# Router sled help



## 616jason616 (Feb 14, 2020)

I have a few questions about a router sled. Does the work piece need to lay on a perfectly flat, level surface? I know that the rails and router sled need to all be level but what about the work piece? I've seen people use router sleds directly on their garage floor, or on a pair of sawhorses.


----------



## Peteybadboy (Jan 23, 2013)

If it's like a table saw sled - then yes. Unless you are using it for some tapered legs or something where the piece won't sit flat.


----------



## PBWilson1970 (Jan 23, 2020)

The surface under the piece of wood needs to be flat or else when you flip the piece that you flattened, the other won't be parallel.

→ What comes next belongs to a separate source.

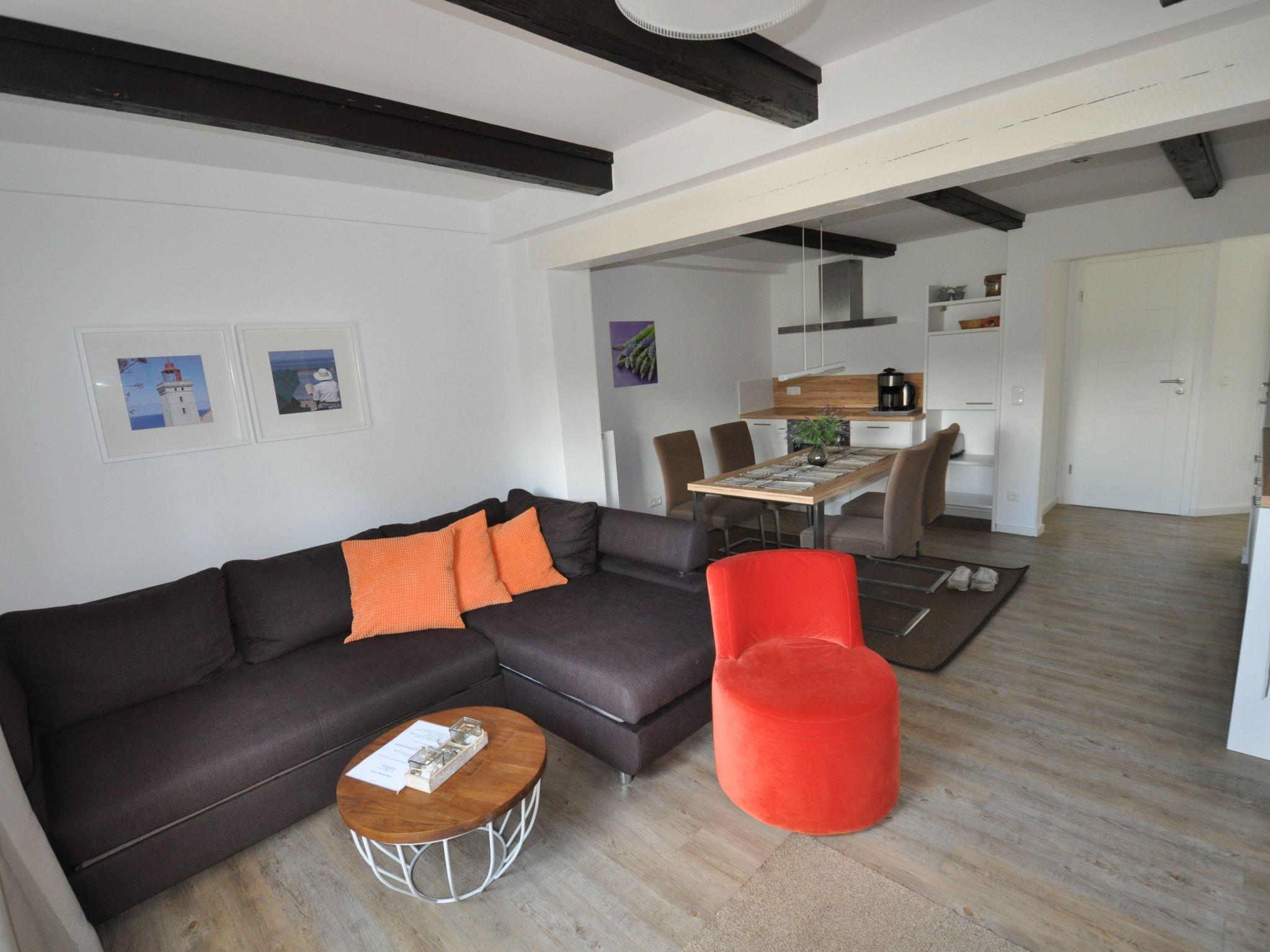 Die Maisonettewohnung hat eine Wohnfläche von circa 75 m² und ist für die Unterbringung von vier Erwachsenen hervorragend geeignet. Im Erdgeschoss erwartet Sie ein großer, kombinierter Wohn-und Küchenbereich mit einer gemütlichen Couchecke, einem Essplatz für vier Personen und der komplett ausgestatteten Küche. Im oberen Stockwerk unter der Dachschräge befinden sich zwei Schlafzimmer. Tageslicht erhalten Sie durch die eingebauten Dachfenster. Beide verfügen über ein Boxspringbett mit 160 cm Breite und getrennter Matratze sowie einen Kleiderschrank. Außerdem gehört ein gut geschnittenes Badezimmer mit Dusche, WC und Tageslicht zur Wohnung. Alle Räume sind beheizbar.

Sawhorses can work if they're stout and you shim the wood so that it's level. I'd be concerned about flex between them, but with short spans between the sawhorses, you'd be in pretty good shape.


----------



## 616jason616 (Feb 14, 2020)

> The surface under the piece of wood needs to be flat or else when you flip the piece that you flattened, the other won t be parallel.
> 
> Sawhorses can work if they re stout and you shim the wood so that it s level. I d be concerned about flex between them, but with short spans between the sawhorses, you d be in pretty good shape.
> 
> - PBWilson1970


Ok, so as long as my work piece bed, rails and sled are all level and parallel with one another I'll be good. Thanks for the info!


----------



## HorizontalMike (Jun 3, 2010)

I built and used a router sled of sorts, to cut shelf dados. Is this the kind of jig you are talking about? or something else…


----------



## 616jason616 (Feb 14, 2020)

> I built and used a router sled of sorts, to cut shelf dados. Is this the kind of jig you are talking about? or something else…
> 
> 
> 
> ...


 Pretty much, but instead of cutting dados I'll use it to plane a big butcher block counter top.


----------



## RichT (Oct 14, 2016)

It should be as flat as is practical to achieve. I use MDF for jigs and fixtures where it's an issue. Go with 3/4" and add some framework underneath to stiffen it. Picture a torsion box with an open bottom if that helps visualize what I'm describing.

What is critical is that the rails are parallel to the base. Obviously if there's any slant, that will be transferred to the work piece. Fortunately that's easy to achieve with a jointed edge and a rip on the table saw. Just make sure to cut both rails at the same time so they're the same height. If they're not, you'll have the same problem with a skewed work piece.

When you place your slab that you will be flattening on the sled, use shims around any parts that aren't sitting flush to it to stabilize it. Once you flatten the top surface and flip it over, it'll be flush and shims won't be necessary.


----------



## 616jason616 (Feb 14, 2020)

> It should be as flat as is practical to achieve. I use MDF for jigs and fixtures where it s an issue. Go with 3/4" and add some framework underneath to stiffen it. Picture a torsion box with an open bottom if that helps visualize what I m describing.
> 
> What is critical is that the rails are parallel to the base. Obviously if there s any slant, that will be transferred to the work piece. Fortunately that s easy to achieve with a jointed edge and a rip on the table saw. Just make sure to cut both rails at the same time so they re the same height. If they re not, you ll have the same problem with a skewed work piece.
> 
> ...


I think I'm all set, I have a great design in mind after hearing all the input. I'll be sure to post a picture in my projects. Thanks a lot everyone!


----------



## wildwoodbybrianjohns (Aug 22, 2019)

This is my levelling rig. I cant get the other photos off of instagram, but there is a board the width as the sides are far apart that lays on top of these lower three rails. The cool thing about this version is that its fully adjustable height-wise, and its the "bed" that gets levelled to the top edge of the sides, so it doesnt matter what the rig is sitting on. By angling the slots for the rails I get more height adjustment. The bed actually sits on the large hex-nuts that you can just see in the photo, and when the sides are tightened up against the bed it doesnt move at all. 
The top two rails are there to hold it all together and square. Takes about ten minutes to get everything set up, and I have since replaced the wing-nuts with star-knobs. I can get very large slabs in this rig. I used heavy-duty aluminum angle-iron for the sled itself and this straddles the sides with stop blocks to keep it "locked" on. And it all breaks down to take up very little space when I am done with it. I also have five shorter rails if I need to do smaller pieces, and another thinner bed.


----------